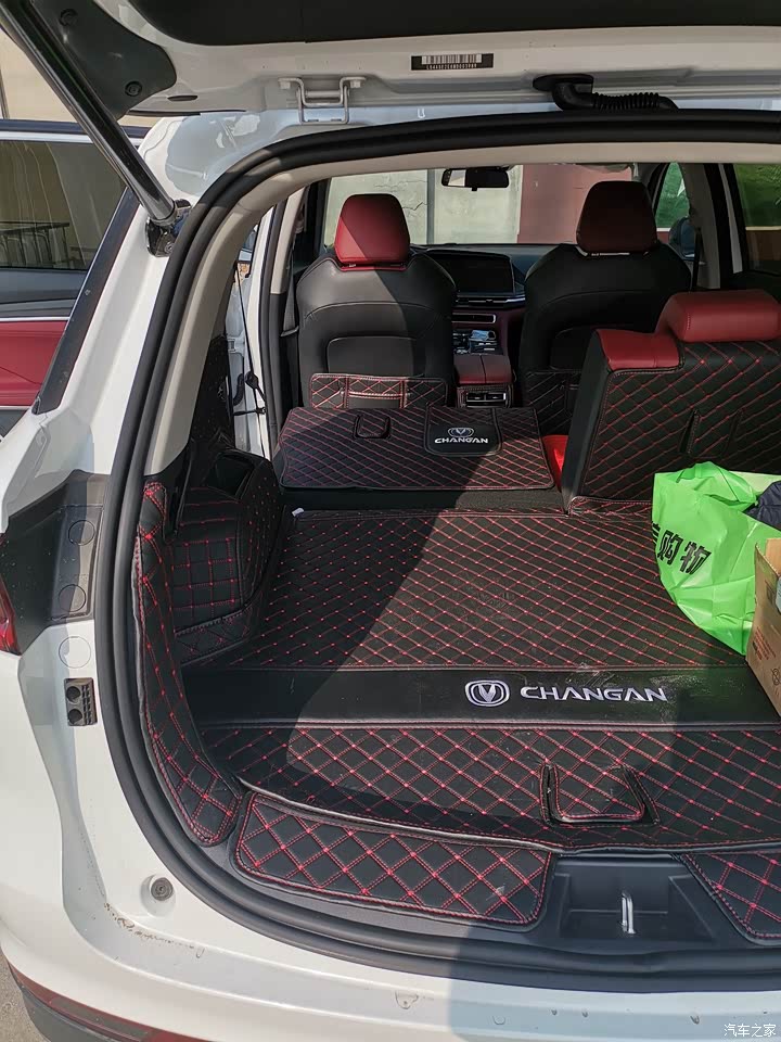 最满意的就是空间大颜值高,外观时尚运动。贯穿式的日间行车灯,点亮后非常漂亮,辨识度非常高。 全系标配的LED大灯亮度高,夜间照明效果非常好,大大提高了夜间行车的安全性。 还有转向辅助灯,在转向时会亮起提高了安全性。 车内黑红搭配的内饰,非常漂亮,高端大气上档次,用料实在,手可以摸到的地方几乎都是软质包裹。 座椅设计软硬适中,包裹性和支撑性都不错,坐着非常舒服。 后排地板纯平,做三个成年人没问题,而且第二排的座椅靠背可以调节,大大提高了后排乘客的乘坐舒适性。 第二排还有出风口、USB充电、中央扶手、杯架等人性化设计,乘坐舒适性大大提高。 后排坐椅放倒后,后备箱空间特别大,拉点大件物品非常方便。电动尾门一键开关,非常方便实用。 三大件稳定可靠,底盘扎实稳定;蓝鲸发动机荣获十佳发动机称号;日本爱信的AT变速箱皮实耐用,换挡平顺。 刹车线性,方向盘指向精准,没有虚位。 主副驾驶安全气囊,前后排侧气帘安排到位,安全性大大提高。 车载微信非常实用,不用低头看手机,提高驾驶安全性。并线辅助、车道偏离预警、疲劳驾驶提示都是些非常实用的功能。 全速自适应巡航在高速驾驶、市区跟车非常好用减轻驾驶疲劳,提高了行车安全。 这么大的车自重接近1.7吨,油耗8.5左右(城乡结合道路)实属不高。 音响效果不错,听听音乐减轻了驾驶疲劳,心情美美哒!!
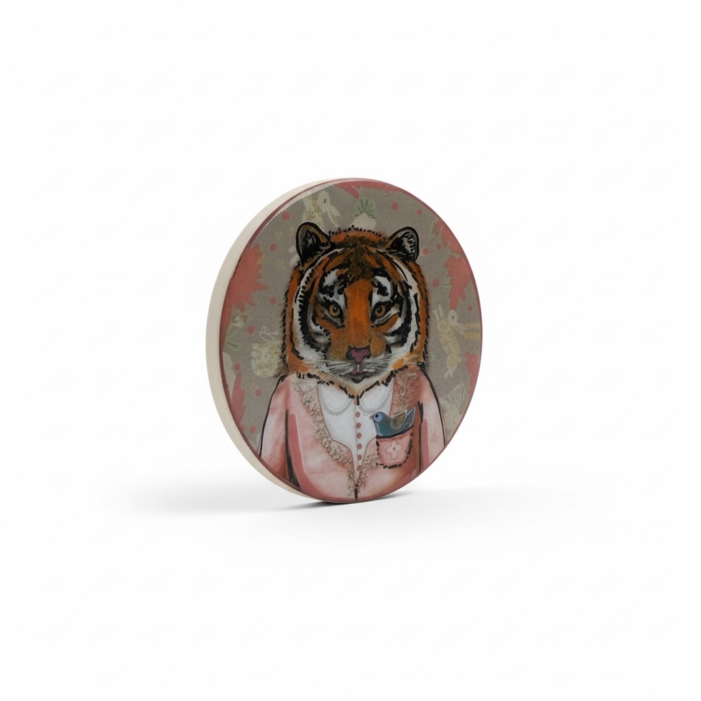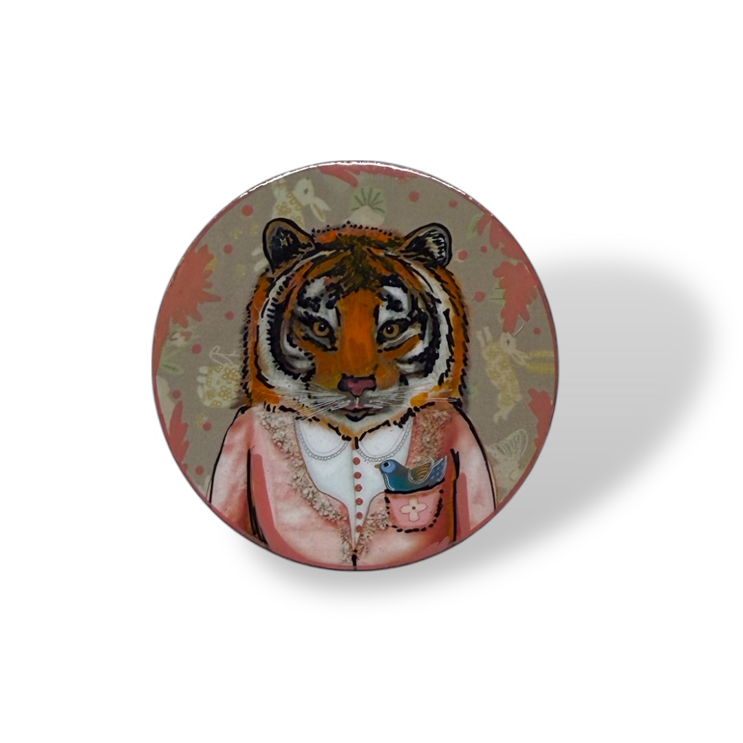 Asjalikul proua Tiigril on ikka väike sõber Lind taskus kaasas. Pilt on trükitud ja pross on 5 cm suurune
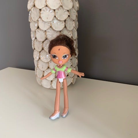 Bratz dukke med blondt hår iført en ternet nederdel og støvler. Dukken har et karakteristisk ansigt og er velegnet til leg og samling.
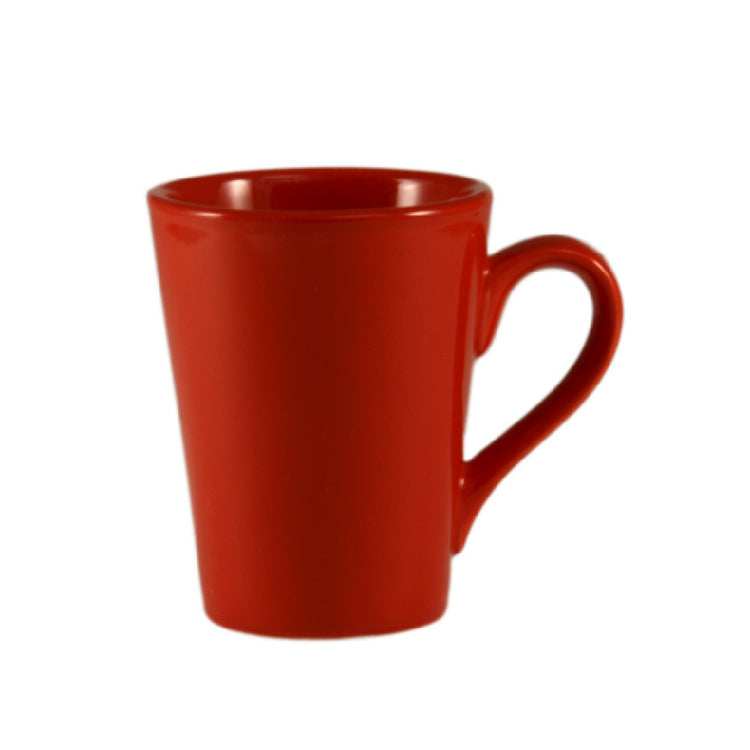 The CAC China VC-12-R Mug Collection Victory Mug is a meticulously crafted stoneware (ceramic) product, featuring a generous capacity of 12 ounces. The mug boasts a round design with precise dimensions of 3-1/2 inches in diameter and 4-3/8 inches in height, offering a comfortable and stylish grip. This versatile piece is available in a vibrant red hue, making it a visually appealing addition to any dining set. It is designed for ease of use and maintenance, being dishwasher, oven, and microwave safe, which makes it a practical choice for both everyday use and special occasions. Sold by the case, the Victory Mug is packed in quantities of 3 dozen per case, making it ideal for catering services, restaurants, and other hospitality businesses that require bulk purchasing. This product blends durability with aesthetic appeal, appealing to different market segments within the food service industry that value both function and form. Its robust construction ensures it stands up to the rigors of everyday use, while its attractive design enhances the dining experience, making it a valuable asset for businesses looking to offer their customers a quality drinking vessel.

**Task instructions:** Leaving the pictures out, set down all of the data again exactly.

**Output below:**
 最满意的就是空间大颜值高,外观时尚运动。贯穿式的日间行车灯,点亮后非常漂亮,辨识度非常高。 全系标配的LED大灯亮度高,夜间照明效果非常好,大大提高了夜间行车的安全性。 还有转向辅助灯,在转向时会亮起提高了安全性。 车内黑红搭配的内饰,非常漂亮,高端大气上档次,用料实在,手可以摸到的地方几乎都是软质包裹。 座椅设计软硬适中,包裹性和支撑性都不错,坐着非常舒服。 后排地板纯平,做三个成年人没问题,而且第二排的座椅靠背可以调节,大大提高了后排乘客的乘坐舒适性。 第二排还有出风口、USB充电、中央扶手、杯架等人性化设计,乘坐舒适性大大提高。 后排坐椅放倒后,后备箱空间特别大,拉点大件物品非常方便。电动尾门一键开关,非常方便实用。 三大件稳定可靠,底盘扎实稳定;蓝鲸发动机荣获十佳发动机称号;日本爱信的AT变速箱皮实耐用,换挡平顺。 刹车线性,方向盘指向精准,没有虚位。 主副驾驶安全气囊,前后排侧气帘安排到位,安全性大大提高。 车载微信非常实用,不用低头看手机,提高驾驶安全性。并线辅助、车道偏离预警、疲劳驾驶提示都是些非常实用的功能。 全速自适应巡航在高速驾驶、市区跟车非常好用减轻驾驶疲劳,提高了行车安全。 这么大的车自重接近1.7吨,油耗8.5左右(城乡结合道路)实属不高。 音响效果不错,听听音乐减轻了驾驶疲劳,心情美美哒!!
 Asjalikul proua Tiigril on ikka väike sõber Lind taskus kaasas. Pilt on trükitud ja pross on 5 cm suurune
 Bratz dukke med blondt hår iført en ternet nederdel og støvler. Dukken har et karakteristisk ansigt og er velegnet til leg og samling.
 The CAC China VC-12-R Mug Collection Victory Mug is a meticulously crafted stoneware (ceramic) product, featuring a generous capacity of 12 ounces. The mug boasts a round design with precise dimensions of 3-1/2 inches in diameter and 4-3/8 inches in height, offering a comfortable and stylish grip. This versatile piece is available in a vibrant red hue, making it a visually appealing addition to any dining set. It is designed for ease of use and maintenance, being dishwasher, oven, and microwave safe, which makes it a practical choice for both everyday use and special occasions. Sold by the case, the Victory Mug is packed in quantities of 3 dozen per case, making it ideal for catering services, restaurants, and other hospitality businesses that require bulk purchasing. This product blends durability with aesthetic appeal, appealing to different market segments within the food service industry that value both function and form. Its robust construction ensures it stands up to the rigors of everyday use, while its attractive design enhances the dining experience, making it a valuable asset for businesses looking to offer their customers a quality drinking vessel.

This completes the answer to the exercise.